◆ **What you are asked to do**:
Dropping every picture, set down exactly the lines in the entries below, starting with the line with "1 Paar Handschuhe orange" and going on through the line with "Le cursus du".

Dataset items
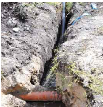
Budowa wodociągu w Zajączkowie.

Koszt przedsięwzięcia wynosi 688 398,94 zł. brutto. Przewidywany termin ukończenia zadania to przełom października i listopada tego roku.
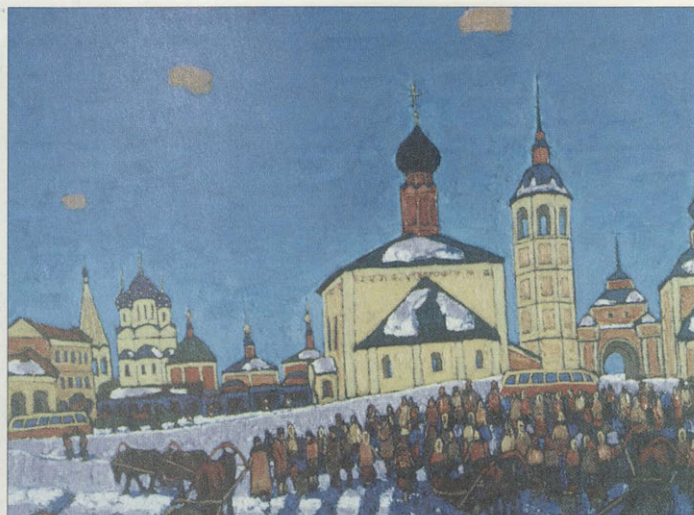
К. Бритов. Воскресный Суздаль. 1983
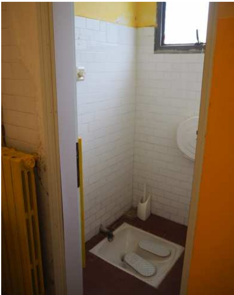
14) Particolare di un dei servizi igienici esistenti a servizio degli spogliatoi
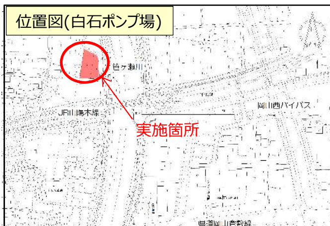
位置図(白石ポンプ場)
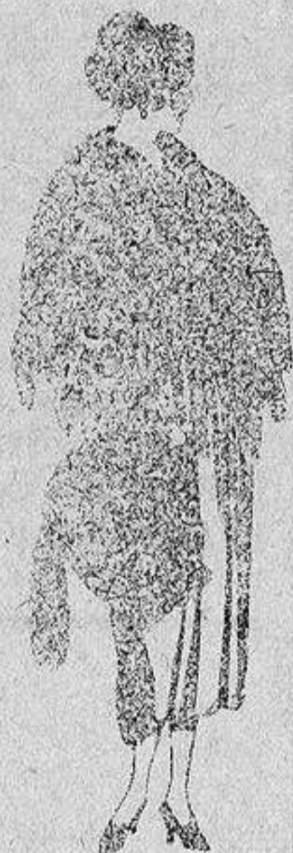
Juego pieles, imitación Renard negro, de pesetas 100 a 150.
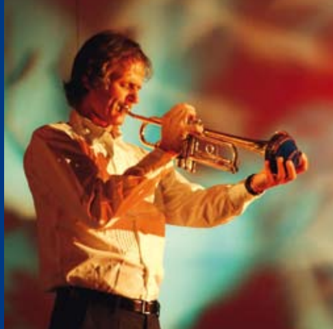
Markus Stockhausen vor Lichtinstallation von Rolf Zavelberg

Anlässlich der „Rheinischen Welt-Ausstellung“ lädt das Wasserquintett zu einem besonderen Erlebnis ein. Die in einer zaubernden Landschaft gelegene, als technisches Denkmal geschützte Staumauer der Neyetalsperre wird durch eine poetische Licht- und Klangperformance temporär neu in Szene gesetzt. Neun Abende lang, jeweils mit Einbruch der Dunkelheit, wird eine magische Symbiose aus Natur und Kultur geschaffen. Die Veranstaltung ist Teil der ganz im Zeichen des Wassers stehenden Veranstaltungsreihe „Was(s)erleben“. Auftakt hierzu war im November 2009 an der Bever-Talsperre in Hückeswagen, die Abschlussveranstaltung findet im Frühsommer 2011 in Radevormwald statt.
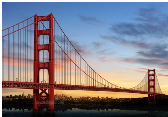
Golden Gate Bridge - San Francisco

La rencontre se terminera par un verre de l'amitié.
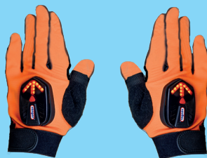
1 Paar Handschuhe orange
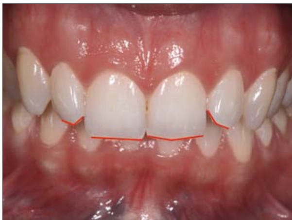
1. Linia roșie indică muchia incizală inițială, considerată neuniformă și neatrăgătoare.

Cu VITA VM 13 puteți obține restaurări de o estetică superioară cu efecte naturale de culoare.
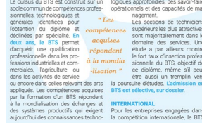
Le cursus du BTS est construit sur un socle commun de compétences professionnelles, technologiques et générales identifiées pour l'obtention du diplôme et spécialisées par spécialité. En deux ans, le BTS permet d'acquérir une qualification professionnelle dans les professions industrielles et commerciales, l'agriculture ou dans les activités de service ou encore dans celles relevant des arts appliqués. Les compétences acquises par la formation d'un BTS répondent à la mondialisation des échanges et des systèmes productifs qui exigent aujourd'hui des connaissances techno-

Plus de 240 000 étudiants sont inscrits dans les sections de techniciens supérieurs pour l'obtention du Brevet de Technicien Supérieur (BTS) proposé dans 88 spécialités. Dans tous les secteurs d'activité se développent des fonctions nouvelles d'encadrement technique associées au travail des ingénieurs, des chercheurs ou des cadres supérieurs administratifs, financiers ou commerciaux. Le diplôme national de Brevet de Technicien Supérieur répond à ces besoins en qualifications et compétences avec pour objectif une insertion professionnelle directe.

◆ **Exercise solution**:
1 Paar Handschuhe orange
1. Linia roșie indică muchia incizală inițială, considerată neuniformă și neatrăgătoare.

Cu VITA VM 13 puteți obține restaurări de o estetică superioară cu efecte naturale de culoare.
Le cursus du BTS est construit sur un socle commun de compétences professionnelles, technologiques et générales identifiées pour l'obtention du diplôme et spécialisées par spécialité. En deux ans, le BTS permet d'acquérir une qualification professionnelle dans les professions industrielles et commerciales, l'agriculture ou dans les activités de service ou encore dans celles relevant des arts appliqués. Les compétences acquises par la formation d'un BTS répondent à la mondialisation des échanges et des systèmes productifs qui exigent aujourd'hui des connaissances techno-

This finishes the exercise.